Но почему мы всегда что-то кому-то должны?
Это слово – «должны» – въелось в нашу кожу, пропитало каждую клетку, стало второй кровью. Мы должны родителям за то, что они нас родили. Должны учителям за знания. Должны начальникам за зарплату. Должны партнёрам за любовь. Должны обществу за то, что оно терпит наше существование. Должны, должны, должны... А кто должен нам? Кто вернёт нам право просто быть? Не быть удобными, не быть правильными, не быть шестерёнками в огромном механизме, а просто быть – с правом на усталость, на слабость, на минутную глупость, на желание сесть посреди дороги и заплакать навзрыд, не думая, кто идёт мимо.
Ну да... Именно из-за них. Именно из-за других людей. Они – зеркала, в которых мы обязаны выглядеть безупречно. Они – судьи, которые всегда носят с собой невидимую мантию. Они поглощают нас, они кричат своими взглядами: «Как только ты издашь малейшую эмоцию, я буду смеяться, я начну снимать тебя на телефон, я буду обсуждать тебя за спиной, пережёвывать твою слабость, как жвачку, и выплёвывать, когда она потеряет вкус».

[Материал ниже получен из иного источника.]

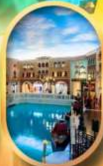
เดอะเวนิเซียน
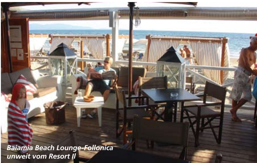
Baiamìa Beach Lounge-Follonica unweit vom Resort Il

Der 1999 gebaute Golfplatz ist ganzjährig bespielbar. Die angrenzende „Pelagone Golf Academy“ unterrichtet zielorientiert und ganzheitlich, individuell und der Persönlichkeit des Spielers, seinem Lerntyp und seinen Fähigkeiten angepasst. Es werden besondere Angebote zur Platzreife während des Urlaubs gemacht. Toll die Idee: Golf-

Я видела это тысячу раз. Девушка плачет в парке на скамейке – мимо проходит пара, женщина оборачивается, толкает спутника локтем, они шепчутся и улыбаются. Мальчик упал с велосипеда, разбил колено, губы дрожат – отец не обнимает, а шипит: «Прекрати ныть, все смотрят!». Старик медленно идёт по переходу, не успевает на зелёный, водители сигналят, кто-то опускает стекло и орёт: «Шевелись давай, дед, не задерживай!». И старик ускоряется, хотя сердце уже колотится где-то в горле, потому что он должен быть удобным для других.
Когда люди стали такими жестокими? Когда проявление эмоций стало слабостью? В животном мире демонстрация уязвимости – сигнал к нападению. Неужели мы скатились до уровня зверей, которые только и ждут, чтобы вцепиться в горло тому, кто приоткрыл свою боль? Но звери хотя бы не лицемерят. Они не улыбаются в лицо и не скалятся за спиной. А мы научились. Мы мастера двойных стандартов, чемпионы по притворству.

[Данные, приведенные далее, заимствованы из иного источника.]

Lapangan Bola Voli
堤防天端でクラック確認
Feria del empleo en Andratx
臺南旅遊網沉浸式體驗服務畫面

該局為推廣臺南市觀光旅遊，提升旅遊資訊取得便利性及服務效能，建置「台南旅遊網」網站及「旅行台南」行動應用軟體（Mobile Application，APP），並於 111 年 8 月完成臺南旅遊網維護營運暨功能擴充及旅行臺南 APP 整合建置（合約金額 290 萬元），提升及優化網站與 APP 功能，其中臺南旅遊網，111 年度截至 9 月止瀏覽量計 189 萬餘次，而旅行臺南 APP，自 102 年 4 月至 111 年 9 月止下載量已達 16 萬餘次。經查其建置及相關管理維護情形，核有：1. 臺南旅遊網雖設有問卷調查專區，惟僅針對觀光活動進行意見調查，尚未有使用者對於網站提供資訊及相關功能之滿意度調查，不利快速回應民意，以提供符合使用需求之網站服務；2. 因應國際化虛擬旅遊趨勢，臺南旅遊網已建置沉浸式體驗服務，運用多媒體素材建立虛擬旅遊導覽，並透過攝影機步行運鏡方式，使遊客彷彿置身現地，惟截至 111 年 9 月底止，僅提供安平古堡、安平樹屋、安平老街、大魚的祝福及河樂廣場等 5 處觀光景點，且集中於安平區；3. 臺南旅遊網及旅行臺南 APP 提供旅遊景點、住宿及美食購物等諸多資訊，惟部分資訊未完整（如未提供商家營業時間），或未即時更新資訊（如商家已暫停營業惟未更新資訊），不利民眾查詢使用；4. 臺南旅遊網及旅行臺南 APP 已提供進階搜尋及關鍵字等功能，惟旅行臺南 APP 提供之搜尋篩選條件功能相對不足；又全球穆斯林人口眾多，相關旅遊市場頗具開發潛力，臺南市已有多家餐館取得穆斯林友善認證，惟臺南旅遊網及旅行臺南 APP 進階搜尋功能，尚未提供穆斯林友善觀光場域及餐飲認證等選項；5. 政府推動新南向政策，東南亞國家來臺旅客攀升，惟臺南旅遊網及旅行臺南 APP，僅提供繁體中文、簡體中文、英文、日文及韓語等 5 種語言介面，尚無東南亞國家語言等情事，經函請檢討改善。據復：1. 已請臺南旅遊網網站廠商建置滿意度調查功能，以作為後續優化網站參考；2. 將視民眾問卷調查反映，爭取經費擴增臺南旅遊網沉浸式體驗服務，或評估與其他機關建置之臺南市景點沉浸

Самое сложное – понять себя. Пока ты не разберёшься в собственных лабиринтах, пока не найдёшь выход из своих личных тупиков, ты не имеешь права требовать понимания от других. Но мы и не требуем. Мы просто хотим, чтобы нас оставили в покое. Чтобы разрешили быть собой – без масок, без ролей, без вечной игры в приличного человека.
А ведь если вспоминать историю... Листая пыльные учебники, я нахожу удивительные вещи. Люди даже под гнётом жесточайших запретов умели радоваться жизни. Когда всё было плохо – война, нищета, – они находили в себе крошечную искру счастья. Они танцевали на ярмарках, хотя завтра могли умереть с голоду. Они пели песни под гитару в холодных землянках, хотя пули свистели над головой. Они любили так, будто завтра не наступит, и это завтра действительно часто не наступало, но они успевали. Успевали прожить свой миг настоящими.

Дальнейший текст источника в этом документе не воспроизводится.